Что такое заниматься Историями? История может прийти к вам на чашечку кофе. А может поселится у вас в доме. Или история может попросить вас рассказать ее еще кому-нибудь. Но с такими историями нужно быть особо внимательным и почтительным - они очень требовательны. Вот дон Симон один из тех Волшебников, которые умеют обращаться с такой хрупкой и ранимой вещью как История Требующая Ее Рассказать. Надо сказать, не так уж часто встречающееся умение.
Кстати, вот что еще хочется сказать - так это то, что заниматься Историями отнюдь небезопасно. Не все они безобидны. А многие хотят увлечь вас с собой - и кто тогда знает, что получится? Даже Волшебники попадают в истории и не все они выходят из них, оставшись такими же, какими и были. Собственно даже не так - никто из попавших в историю не остается таким же как был.
Дон Симон был одним из тех, кто очень, очень хорошо это знал. Именно поэтому перед ним сейчас лежала его Шляпа.
Тем не менее, к дону Симону позволило себе приблизится и более того, усесться на свободный стул одно из тех существ, что существуют одновременно в нескольких мирах. Более того, несмотря на присутствие на столе Шляпы, существо расположилось так, словно дон Симон пригласил его и ожидал, то есть свободно и вольготно. Мы назовем это существо Кот. Просто потому что так все же будет короче и наиболее полно дает представление об визитере.
- Сегодня добрый день, дон Симон - сказал Кот, глядя на улицу. Сказав это, он замолчал.
- Пожалуй я соглашусь с вами, сеньор - вежливо отвел дон Симон, подумав и отпив чая.

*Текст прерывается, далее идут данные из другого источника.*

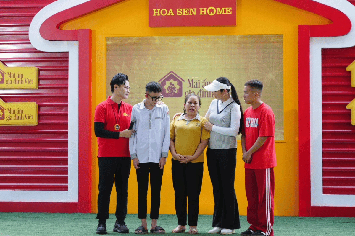 Khoảnh khắc vỡ òa cảm xúc khi gia đình em Nguyễn Quang Minh rút được bảng tiền thưởng từ Hoa Sen Home tại Mái ấm gia đình Việt.

- Я надеюсь, что не отвлекаю Вас ни от чего действительно важного - на этот раз Кот внимательно смотрел на собеседника. А надо заметить, внимательный взгляд котов довольно требователен.
- Как бы то ни было, вы меня все же отвлекли - в голосе дона Симона звучал скорее юмор, чем упрек.
- Я пришел предложить вам историю, сударь - важно ответил Кот.
Дон Симон вздохнул. Он не любил отказывать. Более того, он не любил отказываться от историй. Тем более, ему не хотелось обижать Кота. Но он действительно был занят своими мыслями.
- Боюсь, я не смогу вам помочь сейчас, друг мой. Ваша история не может подождать?
Кот задумался. Думал он молча и очень сосредоточенно, шевеля бровями, выпуская и втягивая когти своих передних лап, в которые превратились его руки. В сочетании с модным костюмом в узкую полоску, выглядело это довольно забавно. Дон Симон терпеливо ждал ответ.
- Вы заняты, сударь и этого достаточно - наконец ответил Кот. - Прошу вас простить мою дерзость и позволить мне удалится.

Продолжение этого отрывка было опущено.